As usual they aimed to get their flock well above the town by the end of the day and spend the night in the next valley beyond it before pushing on toward their home village the next morning. They took the usual route along the right-hand side of the valley, using stones to keep the herd bunched and moving at the same unhurried speed and preventing wayward animals from straying onto the plowed or cultivated fields, orchards and vineyards. The valley looked much the same as it had the previous year as they passed laborers chipping away in the fields and terraces and weeding with forks and hoes, in some cases helped by their wives and children.
As they drew closer toward the ravine below the town, they saw men and women going about their business above them, and only the barking dogs showed any interest in their presence.

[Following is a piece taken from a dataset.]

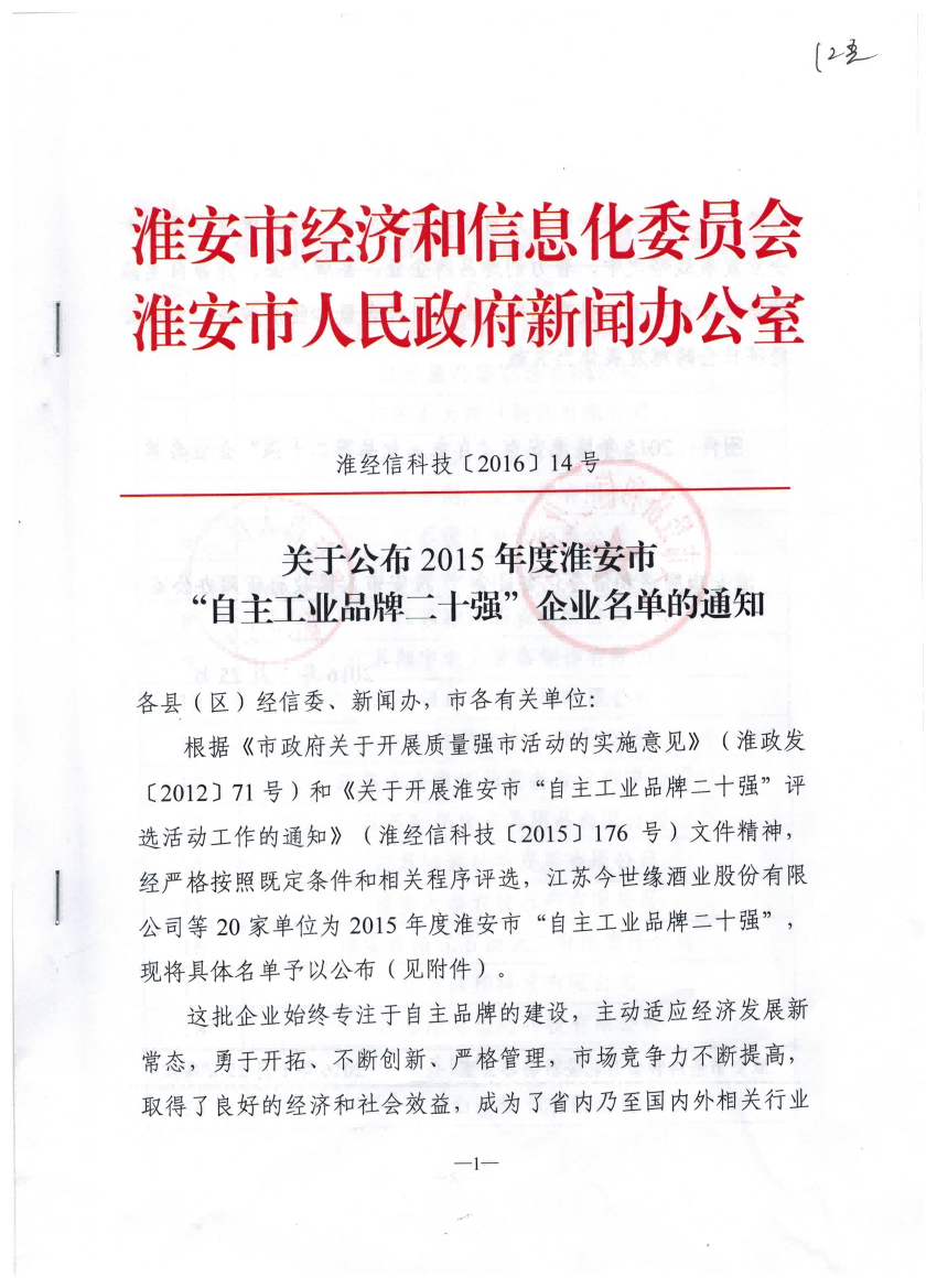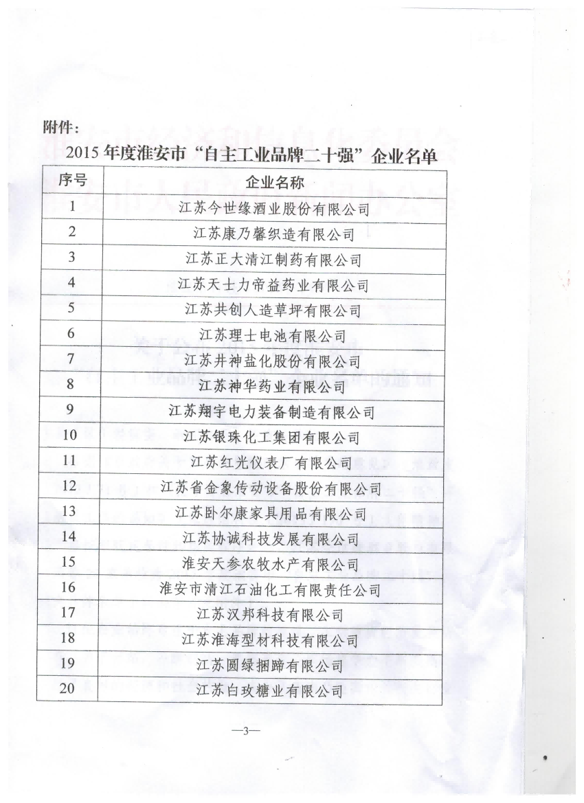 根據(jù)市政府評選,我公司被認定為淮安市“自主品牌二十強”企業(yè)?!白灾髌放贫畯娖髽I(yè)”是我市在國內(nèi)相關行業(yè)具有代表性并且競爭力較強的企業(yè),我公司名列第11名。

By the time they began to climb up through the woods, the three brothers had already begun to relax as the line of sheep spread out along the well-beaten path. By the early evening, they had crossed over the ridge and reached the higher valley, where they usually camped. The brothers were in a cheerful mood, knowing that they were less than a day away from their family and neighbors, whom they had not seen for nearly eight months. They ate the same supper of bread, oil and vinegar that they had eaten every day since leaving the plains, and Pepe undertook to light a fire while his brothers went to gather more firewood from the edge of the forest.

Simón was just returning from the woods with a pile of branches when the men on horseback came bursting out of the woods on the other side of the field, riding hard toward the campsite and scattering the sheep before them. From where he was standing, their faces were nothing more than misshapen white blobs, and it wasn't until they came closer that he realized they were wearing masks. He saw Pepe run for the rifle, but he did not even have time to load it before one of the riders came alongside him and shot him in the back with a long pistol.

The firewood dropped from Simón's hands as his brother toppled over, and Juanxo came running toward him, pursued by two of the horsemen. One of the riders leaned out to his side, with one hand holding the reins, and brought the curved falchion sword down into Juanxo's neck. Pepe was still trying to crawl away as the rider who had shot him walked slowly toward him and planted a foot on either side of his body. Simón watched as he drew a long pommeled dagger, squatted down and drove it into his brother's back, pushing on the round hilt with both hands. It was only then that Simón turned and ran back toward the forest. He had nearly reached the trees when he saw the flashes of white ahead of him, and the crossbow
bolt struck him in the chest just above the heart. The grass seemed to turn to liquid beneath his feet as he sank down into it and the sheep ran past him, with no one left to guide them.